しかし、本大会という真剣勝負の舞台で、ポルトガルは4年前と全く同じ壁にぶつかった。戦術的な引き出しの少なさ、大舞台での勝負弱さ、そしてロナウドという存在がもたらす光と影。これらの課題は、監督が代わっても何一つ解決されていなかったことが証明された形だ。カタールでの敗戦という高価な授業料を払いながら、そこから何も学んでいなかったのではないか。そうした厳しい批判が、ポルトガルのメディアやサポーターから噴出するのは必至だ。残りのグループステージで立て直す時間はまだあるが、初戦で露呈した問題は根深く、この一敗がチームに与える心理的なダメージは計り知れない。

日本の読者への解説

ポルトガル代表が直面するこの苦境は、日本のサッカーファンや関係者にとっても他人事ではない。特に「偉大なベテラン選手と世代交代」というテーマは、日本代表が長年抱えてきた課題と重なる。長友佑都選手や吉田麻也選手といったレジェンドたちがチームに与える影響の大きさと、彼らから次世代へスムーズにバトンを渡すことの難しさは、日本も経験してきた。ポルトガルのように、クリスティアーノ・ロナウドというあまりに巨大な存在がいる場合、その移行はさらに困難を極める。チームの戦術や雰囲気が良くも悪くもその一人に規定されてしまい、新しいチーム作りを阻害する可能性がある。このポルトガルの事例は、スター選手への依存がもたらすリスクを明確に示している。

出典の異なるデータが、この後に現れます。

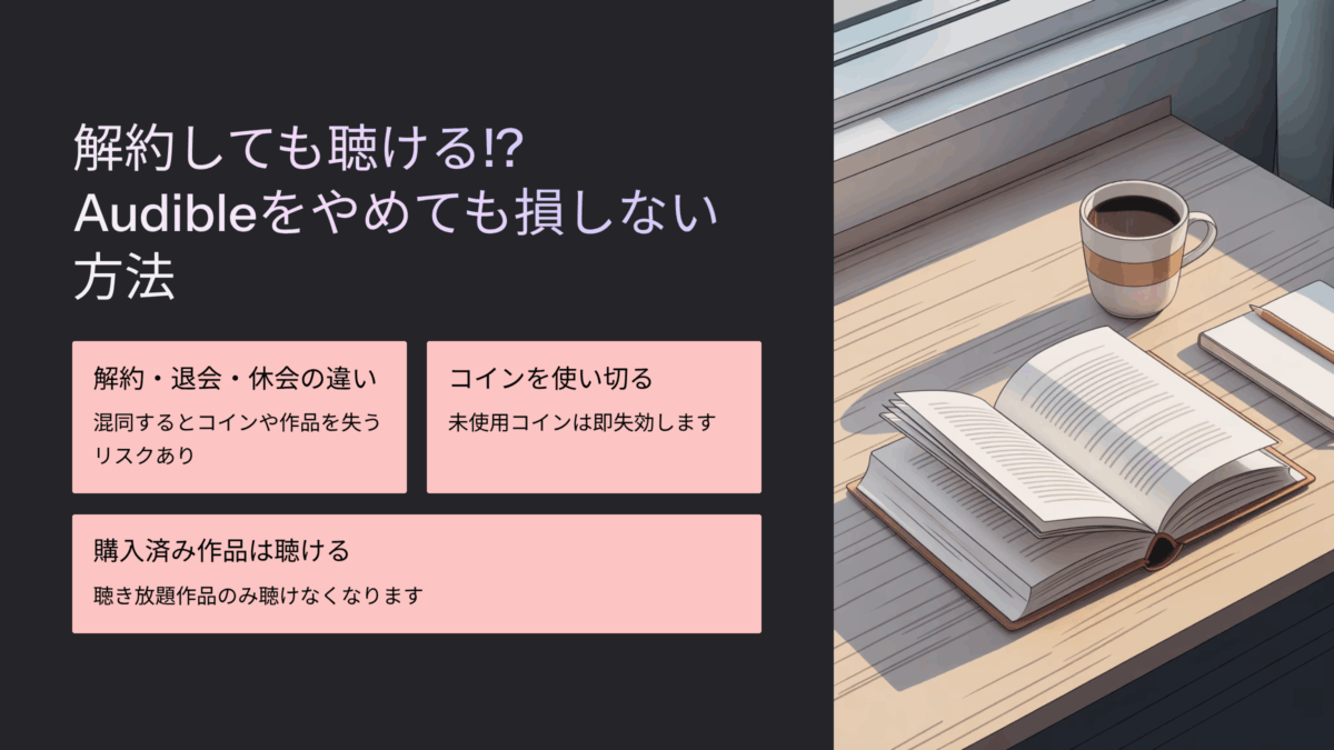 「退会と解約って違うの?」「解約したら購入済みのタイトルも聴けなくなるの?」「残ってるコインや特典はどうなるの?」——。
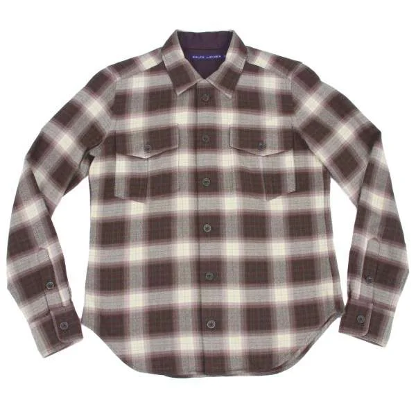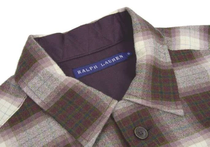 【SALE】ラルフローレンRALPH LAUREN チェックレーヨンウールシャツジャケット パープル茶6

また、戦術的な観点からも示唆に富む。日本代表も、格下と見られる相手が守備を固めてカウンターを狙う「引き分け狙い」の戦いに苦しむことが多い。ポルトガルがモロッコの堅守を崩せなかったように、ボールを支配するだけでは試合に勝てない。守備ブロックをいかにしてこじ開けるか、多彩な攻撃パターンを持つことの重要性を改めて教えてくれる。モロッコが見せたような、組織的な守備と鋭いカウンターという戦い方は、今や世界のサッカーの潮流の一つであり、日本がW杯で勝ち進む上で必ず攻略しなければならない壁である。ポルトガルの失敗は、日本のサッカー界にとって、戦術的な引き出しを増やすことの緊急性を突きつける反面教師となるだろう。